Data items:
= = = = =

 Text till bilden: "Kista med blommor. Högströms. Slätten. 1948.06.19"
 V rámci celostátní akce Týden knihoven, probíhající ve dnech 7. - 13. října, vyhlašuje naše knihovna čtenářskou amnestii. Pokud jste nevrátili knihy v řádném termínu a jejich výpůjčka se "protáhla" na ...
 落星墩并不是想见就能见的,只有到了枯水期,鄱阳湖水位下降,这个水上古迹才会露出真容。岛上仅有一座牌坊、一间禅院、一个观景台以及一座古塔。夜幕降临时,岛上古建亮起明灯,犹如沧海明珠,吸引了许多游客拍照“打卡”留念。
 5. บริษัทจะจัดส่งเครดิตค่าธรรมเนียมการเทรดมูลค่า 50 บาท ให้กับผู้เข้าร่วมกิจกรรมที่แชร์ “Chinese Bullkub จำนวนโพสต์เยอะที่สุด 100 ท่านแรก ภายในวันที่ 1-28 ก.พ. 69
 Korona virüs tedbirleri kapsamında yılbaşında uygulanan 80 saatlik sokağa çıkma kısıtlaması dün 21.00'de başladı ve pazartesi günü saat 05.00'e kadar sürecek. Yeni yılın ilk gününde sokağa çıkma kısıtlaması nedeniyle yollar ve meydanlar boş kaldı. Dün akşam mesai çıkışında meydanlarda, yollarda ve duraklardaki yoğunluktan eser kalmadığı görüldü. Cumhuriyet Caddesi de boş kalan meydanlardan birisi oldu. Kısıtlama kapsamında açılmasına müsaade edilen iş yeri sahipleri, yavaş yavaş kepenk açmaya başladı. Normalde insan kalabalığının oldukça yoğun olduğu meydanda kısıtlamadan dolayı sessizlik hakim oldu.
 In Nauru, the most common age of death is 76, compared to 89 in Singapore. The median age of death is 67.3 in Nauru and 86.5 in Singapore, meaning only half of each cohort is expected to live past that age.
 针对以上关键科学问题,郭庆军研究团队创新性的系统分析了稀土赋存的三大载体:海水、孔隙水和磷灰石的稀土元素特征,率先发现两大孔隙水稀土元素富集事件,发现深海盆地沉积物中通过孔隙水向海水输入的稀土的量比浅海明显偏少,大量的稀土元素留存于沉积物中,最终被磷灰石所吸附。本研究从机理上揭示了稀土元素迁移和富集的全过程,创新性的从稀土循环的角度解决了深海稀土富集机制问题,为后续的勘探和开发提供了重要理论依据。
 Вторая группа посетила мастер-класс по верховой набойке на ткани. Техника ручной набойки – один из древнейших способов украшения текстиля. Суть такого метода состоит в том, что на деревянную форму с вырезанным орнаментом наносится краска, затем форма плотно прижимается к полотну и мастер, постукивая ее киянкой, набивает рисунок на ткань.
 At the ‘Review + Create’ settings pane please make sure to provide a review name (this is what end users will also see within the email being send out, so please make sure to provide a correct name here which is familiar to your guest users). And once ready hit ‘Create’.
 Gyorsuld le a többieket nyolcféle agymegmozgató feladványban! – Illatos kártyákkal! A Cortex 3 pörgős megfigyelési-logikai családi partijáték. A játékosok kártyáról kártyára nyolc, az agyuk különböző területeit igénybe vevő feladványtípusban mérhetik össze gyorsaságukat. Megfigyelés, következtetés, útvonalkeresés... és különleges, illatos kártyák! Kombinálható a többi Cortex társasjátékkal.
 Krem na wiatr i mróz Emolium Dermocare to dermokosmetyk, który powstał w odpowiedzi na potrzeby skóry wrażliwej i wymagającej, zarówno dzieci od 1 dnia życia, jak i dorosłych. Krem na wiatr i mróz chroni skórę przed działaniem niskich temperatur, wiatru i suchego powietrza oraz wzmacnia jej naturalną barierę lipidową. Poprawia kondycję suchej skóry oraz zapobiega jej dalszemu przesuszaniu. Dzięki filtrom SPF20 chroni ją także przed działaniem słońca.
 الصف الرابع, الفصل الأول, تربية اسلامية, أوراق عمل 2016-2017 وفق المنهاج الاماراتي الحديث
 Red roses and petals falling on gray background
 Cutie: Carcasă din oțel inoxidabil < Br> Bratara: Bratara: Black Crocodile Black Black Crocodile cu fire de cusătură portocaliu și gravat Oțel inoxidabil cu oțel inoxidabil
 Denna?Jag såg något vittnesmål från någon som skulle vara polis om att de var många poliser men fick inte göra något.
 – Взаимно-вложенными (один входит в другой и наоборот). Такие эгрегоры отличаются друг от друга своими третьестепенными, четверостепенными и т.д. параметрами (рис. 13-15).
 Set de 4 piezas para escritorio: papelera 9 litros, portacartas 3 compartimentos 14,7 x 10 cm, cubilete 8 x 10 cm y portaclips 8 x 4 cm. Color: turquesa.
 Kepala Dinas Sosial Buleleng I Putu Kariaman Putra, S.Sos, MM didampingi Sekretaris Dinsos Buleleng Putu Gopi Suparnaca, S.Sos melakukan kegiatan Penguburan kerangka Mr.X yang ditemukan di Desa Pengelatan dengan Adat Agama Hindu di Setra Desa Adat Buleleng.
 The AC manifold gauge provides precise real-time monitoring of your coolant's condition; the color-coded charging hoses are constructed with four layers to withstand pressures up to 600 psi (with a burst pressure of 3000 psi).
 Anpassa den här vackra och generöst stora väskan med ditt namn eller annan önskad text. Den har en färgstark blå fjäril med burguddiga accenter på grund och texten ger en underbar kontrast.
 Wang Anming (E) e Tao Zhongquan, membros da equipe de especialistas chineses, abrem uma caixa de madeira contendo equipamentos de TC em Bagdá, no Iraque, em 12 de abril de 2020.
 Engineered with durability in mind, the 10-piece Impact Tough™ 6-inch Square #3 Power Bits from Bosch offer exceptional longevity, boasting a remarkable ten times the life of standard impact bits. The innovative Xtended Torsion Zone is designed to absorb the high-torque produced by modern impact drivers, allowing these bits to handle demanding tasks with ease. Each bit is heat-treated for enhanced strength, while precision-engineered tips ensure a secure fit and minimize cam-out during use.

= = = = =

» **WORK ORDER**: Return word for word the lines above from the line with "параметрами (рис. 13-15)." to the line with "The AC manifold", including both and leaving out all others.

» **TASK RESPONSE**:
 – Взаимно-вложенными (один входит в другой и наоборот). Такие эгрегоры отличаются друг от друга своими третьестепенными, четверостепенными и т.д. параметрами (рис. 13-15).
 Set de 4 piezas para escritorio: papelera 9 litros, portacartas 3 compartimentos 14,7 x 10 cm, cubilete 8 x 10 cm y portaclips 8 x 4 cm. Color: turquesa.
 Kepala Dinas Sosial Buleleng I Putu Kariaman Putra, S.Sos, MM didampingi Sekretaris Dinsos Buleleng Putu Gopi Suparnaca, S.Sos melakukan kegiatan Penguburan kerangka Mr.X yang ditemukan di Desa Pengelatan dengan Adat Agama Hindu di Setra Desa Adat Buleleng.
 The AC manifold gauge provides precise real-time monitoring of your coolant's condition; the color-coded charging hoses are constructed with four layers to withstand pressures up to 600 psi (with a burst pressure of 3000 psi).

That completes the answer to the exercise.